I’ve prepared duck out three different ways over the past few months, the most successful being the duck confit de canard which is roasted in duck fat for a couple of hours then quickly fried.

Saturday night I essayed to tackle a different part of that fowl, cooking the dark meat of the breast. There was a certain amount of consternation on the part of my wife, who always worries when I attempt to try a dish for the first time on company. Her desire for events and food to be presented properly and successfully precludes such daring…or foolhardiness depending on your perspective. She (if she were to actually cook) would cook it once…twice…until completely comfortable and having worked out the kinks to her satisfaction.

Me? I’m fearless or an idiot…again, depending on your perspective.

The peculiarities of the meal were that my brother-in-law is wheat intolerant, so instead of cracked wheat tabbouleh, it was quinoa tabbouleh. For the bread and cheese plate, it was a gluten-free bread baguette…which all agreed was, for a bread, a damned poor substitute. I’m sure for wheat intolerant folks, it would be fine, but for the four of us, even my wheat-fearing bro-in-law, it wasn’t the greatest loaf ever…at all.

I bought a large packet of frozen duck breasts at Berkeley Bowl West, letting them defrost to near room temperature ultimately, and as I was preparing the meal for my brothers-in-law across the bridge in San Francisco, most of the supplementary dishes had to be ready before I got there with my wife on Saturday night. The Asparagus Tabbouleh with Quinoa was ready on Friday as was the simple Broccoli Soup.

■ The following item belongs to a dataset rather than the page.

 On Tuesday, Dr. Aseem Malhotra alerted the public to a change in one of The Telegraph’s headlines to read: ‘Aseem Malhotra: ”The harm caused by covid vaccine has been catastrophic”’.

All that was left was to cook the duck breasts and make the sauce. And it couldn’t have been simpler. When I slipped what I thought would be two big, fat duck breasts out of its packet, I was surprised and pleased to see about four small half breasts inside, each at about six ounces apiece.

I scored the fatty skin side in a crosshatch pattern, added salt and pepper to both sides, heated up the iron casserole dish, and plopped down the breasts skin side down to sear for about eight minutes. No additional fat required, as the duck fat quickly rendered itself to a sizzling liquid as the breasts cooked. The idea of using a high-sided casserole pot made sense due to the spatters the duck fat provided.

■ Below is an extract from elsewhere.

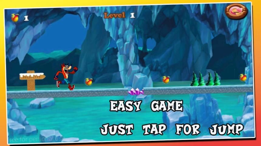 help this super hero Bandicoot jump over the jungle and up to collect the magic apples and Avoid enemies Throughout an adventure journey through the levels.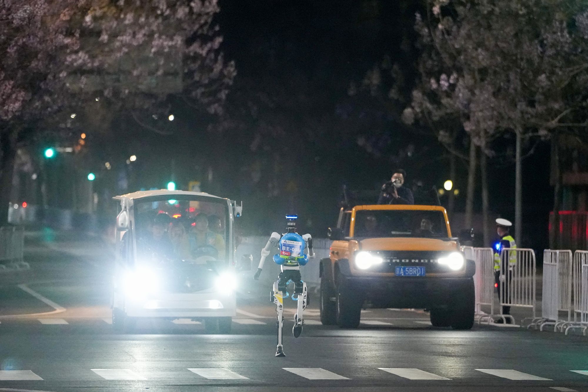 2026𻂌�日晚,一台机器人在测试活动中奔跑。4�日晚񑎂�日凌晨,2026北京亦庄人形机器人半程马拉松全流程全要素测试活动在北京经开区举行。新华社记者 鞠焕宗 摄

Here is the meat in the pot, just beginning its sear.


Flip for another three minutes on the other side to bring it to nearly rare, then wrapped in foil for five minutes in a 250 deg oven. Draining the juices from the resting duck flesh after removing most of the rendered duck fat to a separate bowl, I added the meat juices to the juice of a whole lime, two tablespoons of balsamic vinegar, and a tablespoon of honey.

Mmmmm! The sear was perfectly crisp and the interior moist, medium rare, and completely succulent.



To be honest, both my wife and I were not overly impressed with the sauce which, while embodying the typical combo of acid and sweet to a meal of duck breast (usually best served close to rare), we both thought the sauce was barely adequate but serviceable. Next time more sweet and perhaps a reduction of a delicious pear or peach.

The French see duck for a weeknight meal as casually as we do chicken. Given the current pricing of duck (I paid about $25 for four breasts), until I can find a cheaper source, unlike a French home’s typical possibilities, duck will remain on the special event calendar only.

Finally, kudos to Ernie and Mike for allowing me to play in their kitchen for the evening. We had a good time, I’m happy the food was successful, and the wine (Pinot noir) linked up lovely with the duck.